BALTIMORE (CN) - Consumers were misled into buying cellphones from Cricket wireless when the company knew those services would be rendered useless once the its pending acquisition by AT&T became final, a class action claims.
In a lawsuit filed in Baltimore Federal Court, lead plaintiff Tim Bond claims that when AT&T announced its agreement to acquire Cricket on July 12, 2013, it already knew it was going to discontinue all of the smaller firm's services and require its customers to use AT&T cellular network.
Bond says Cricket had to have known this, but nevertheless failed to tell consumers that its handsets had an "artificially limited useful life" and would soon be rendered inoperable.
His lawsuit claims the January 2015 phase out announcement prompted angry responses on an AT&T online forum. It quotes one Cricket customer wrote "AT&T is screwing over thousands of Cricket customers and they DON'T CARE ONE BIT!"

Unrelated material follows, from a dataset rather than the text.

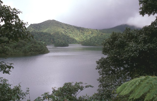 Freshwater Lake (L'Etang) lies in the moat between Micotrin lava dome and the eastern wall of the Wotten Waven caldera, partially visible in the background. The 7 x 4.5 x wide caldera is elongated in an SW-NE direction, and it extends on the SW to near the capital city of Roseau. The two coalesced lava domes of Micotrin straddle the NE rim of the caldera. Strong geothermal activity persists in the caldera, the most prominent of which lies near the village of Wotten Waven along the River Blanc and contains numerous bubbling pools and fumaroles.

The complaint goes on to say that many customers who had purchased expensive smartphones less than a year ago are now seeing their phones turned off for good.
Along with Cricket customers in Maryland, customers in other major cities including Washington, D.C.; Little Rock, Fayetteville and Fort Smith, Arkansas; Wilmington, DE; Chicago; Atlantic City; Buffalo, NY and Philadelphia will see their service switched this month.
The suit does not cite how many customers bought phones after July 2013, but said the names and addresses of all class members can be identified in the business records maintained by AT&T.
Bond seeks actual and punitive damages and the free replacement of now defunct Cricket phones on behalf of himself and the class on claims of Breach of Implied Warranty, fraudulent concealment, unjust enrichment, negligent misrepresentation, fraud, and violations of the Maryland Consumer Protection Act.
He is represented by Cory Zajdel of Z Law LLC in Reisterstown, Md.